### DATA:
* * * *

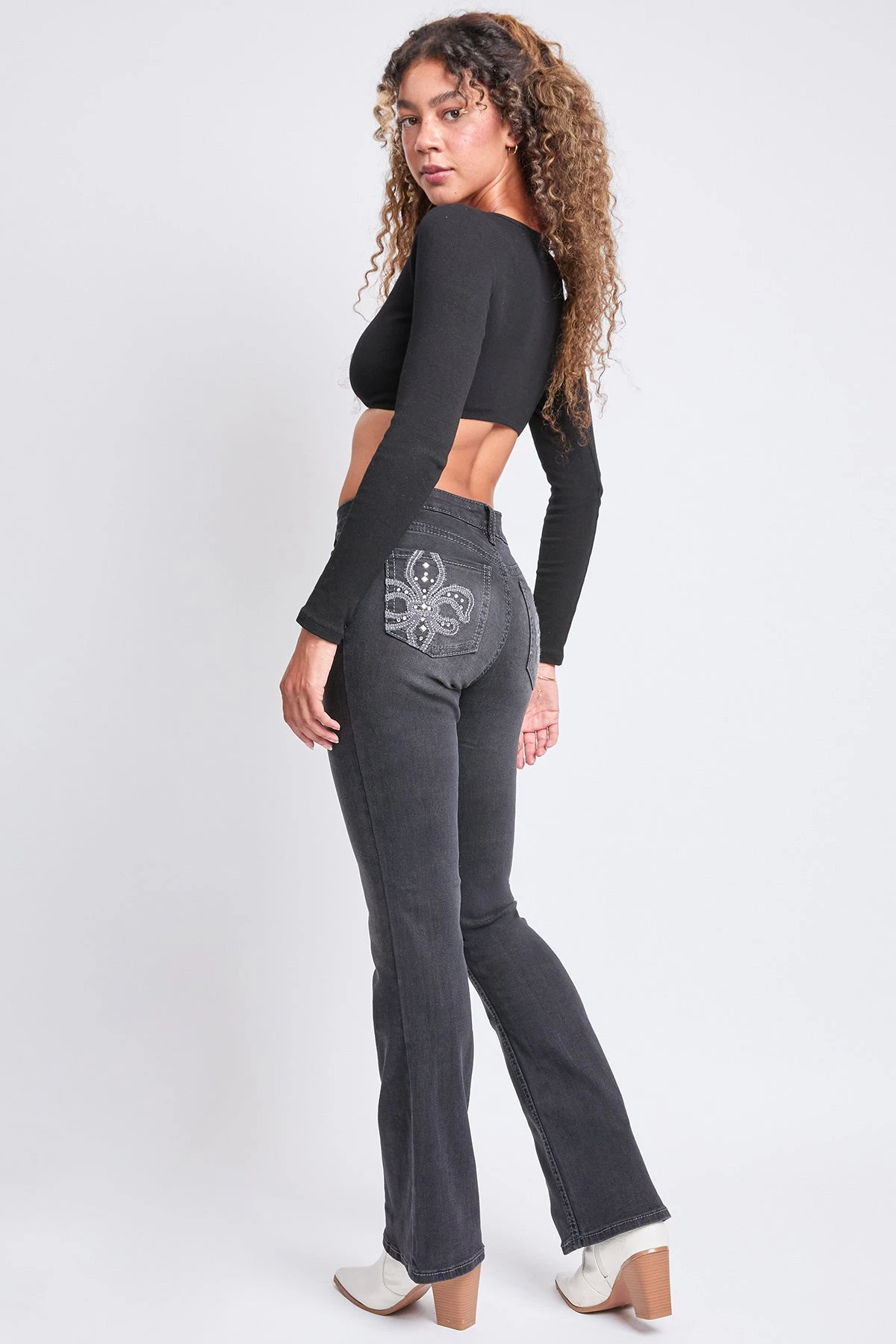 Women’s Mid Rise Studded Fleur De Lis Bootcut Jeans by YMI Jeans, where timeless elegance meets modern edge. These jeans are crafted with attention to detail, offering a sophisticated blend of classic bootcut style and eye-catching embellishments.
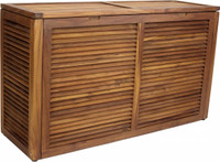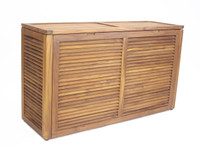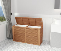 Enjoy the convenience of this lovely double-sided teak laundry hamper anywhere in your home! This beautiful AquaTeak solid teak wood laundry hamper would also make a perfect toy chest or teak bench with storage. This unit is versatile and can be used indoors or out, and is made from durable and naturally water-resistant solid teak wood. Durable Water-resistant Indoor/outdoor use The pneumatic lid opener offers added convenience — the teak hamper lid will remain open while you're using the storage bin. Additionally, the teak hamper includes sturdy, removable velcro drawstring bags for even easier storage and transportation of laundry or other items! Removable/washable lining Pneumatic hamper lid Two, separate spaces
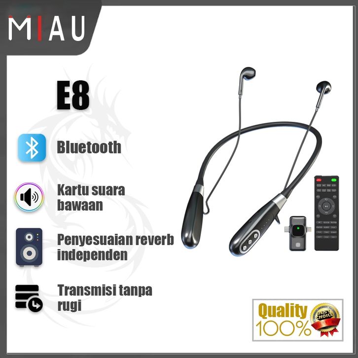 Mikrofon Bluetooth E8 2 In 1, Headphone Neckband, Pengeditan Audio Langsung, Suara Surround

* * * *

Please repeat each line above exactly as it appears, but omit the pictures.

 Women’s Mid Rise Studded Fleur De Lis Bootcut Jeans by YMI Jeans, where timeless elegance meets modern edge. These jeans are crafted with attention to detail, offering a sophisticated blend of classic bootcut style and eye-catching embellishments.
 Enjoy the convenience of this lovely double-sided teak laundry hamper anywhere in your home! This beautiful AquaTeak solid teak wood laundry hamper would also make a perfect toy chest or teak bench with storage. This unit is versatile and can be used indoors or out, and is made from durable and naturally water-resistant solid teak wood. Durable Water-resistant Indoor/outdoor use The pneumatic lid opener offers added convenience — the teak hamper lid will remain open while you're using the storage bin. Additionally, the teak hamper includes sturdy, removable velcro drawstring bags for even easier storage and transportation of laundry or other items! Removable/washable lining Pneumatic hamper lid Two, separate spaces
 Mikrofon Bluetooth E8 2 In 1, Headphone Neckband, Pengeditan Audio Langsung, Suara Surround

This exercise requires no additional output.